Emissions to rise as renewables make up just 2% of Covid stimulus plans, IEA says

Governments around the world have committed to spend only $380bn on clean energy to help navigate the pandemic

Smoke billows from the chimneys of Belchatow Power Station, Europe's biggest coal-fired power plant. Global CO2 emissions are set to climb to record levels in 2023 and continue rising in the following years. Reuters
Powered by automated translation

Global carbon emissions are expected to rise as only 2 per cent of Covid-19 stimulus measures are set to power energy transition, the International Energy Agency has said.

Governments across the world have committed to spend only $380 billion on clean energy development under stimulus packages to ease the impact of the pandemic on the economy.

“Since the Covid-19 crisis erupted, many governments may have talked about the importance of building back better for a cleaner future, but many of them are yet to put their money where their mouth is," Fatih Birol, the IEA executive director, said.

"Despite increased climate ambitions, the amount of economic recovery funds being spent on clean energy is just a small sliver of the total.”

The Covid-19 pandemic, which disrupted global supply chains and caused the world economy to contract 3.5 per cent in 2020 according to the International Monetary Fund, also heightened awareness about emissions.

Globally around $16 trillion was committed in fiscal support to help stimulate growth, over the course of 2020. However, only 2 per cent of the commitments were towards energy transition.

Under governments’ current recovery spending plans, global carbon dioxide emissions are set to climb to record levels in 2023 and continue rising in the following years, according to the IEA.

Lack of funding towards clean energy development would derail efforts to reach net carbon neutrality by the middle of the century, the agency added.

The IEA's Sustainable Recovery Tracker, which monitors governments’ fiscal responses to the Covid-19 crisis and estimates their impact on clean energy investments and global CO2 emissions, said new spending commitments made in 2020 would add an extra $350bn annually to clean energy and electricity systems between 2021 and 2023. The additional spending marks an increase of 30 per cent over the levels seen in recent years.

However, the funding is still only 35 per cent of the requirement the Paris-based agency recommended through its sustainable recovery plan.

Most of the commitments towards clean energy investments come from G20 economies. In advanced economies, the stimulus packages are likely to meet 60 per cent of sustainable energy investment needs.

However, in emerging and developing economies, the share declines to 20 per cent as the countries remain focused on emergency health provisions.

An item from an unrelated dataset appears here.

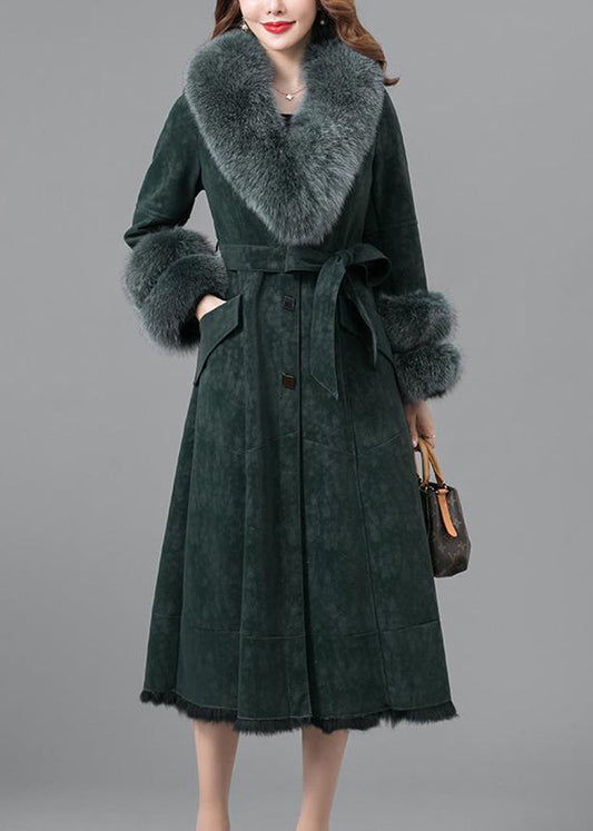 Manteaux élégants en cuir et fourrure de lapin synthétique vert noirâtre coupe ajustée hiver LY9413
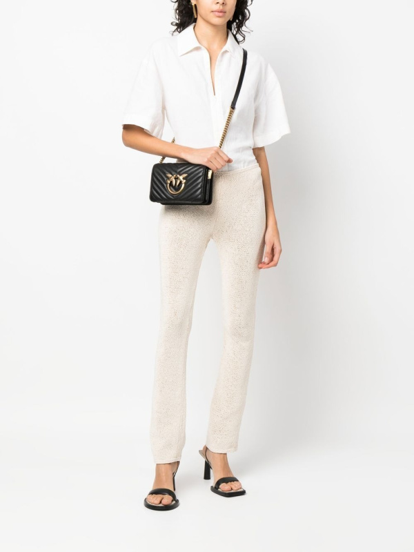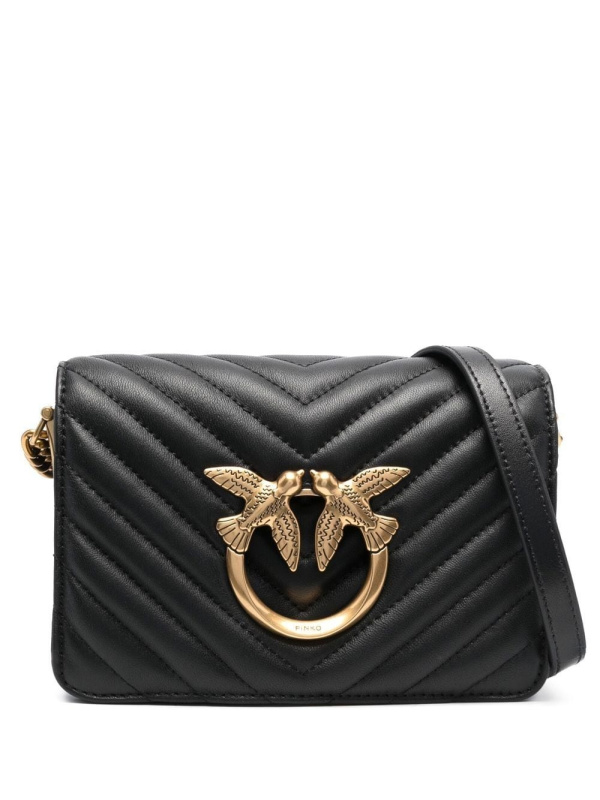 Mini 'click love' torbica prošivena chevron-om iz PINKO-a s crnom, telećom kožom, kopčom s potpisom Love Birds, gornjim dijelom na preklop s magnetskim kopčanjem, pregradom s pregradama i podesivim kožnim i lančanim remenom za rame.

“Governments need to increase spending and policy action rapidly to meet the commitments they made in Paris in 2015 – including the vital provision of financing by advanced economies to the developed world,” Mr Birol said.

"They must then go even further by leading clean energy investment and deployment to much greater heights beyond the recovery period in order to shift the world onto a pathway to net-zero emissions by 2050, which is narrow but still achievable – if we act now," he added.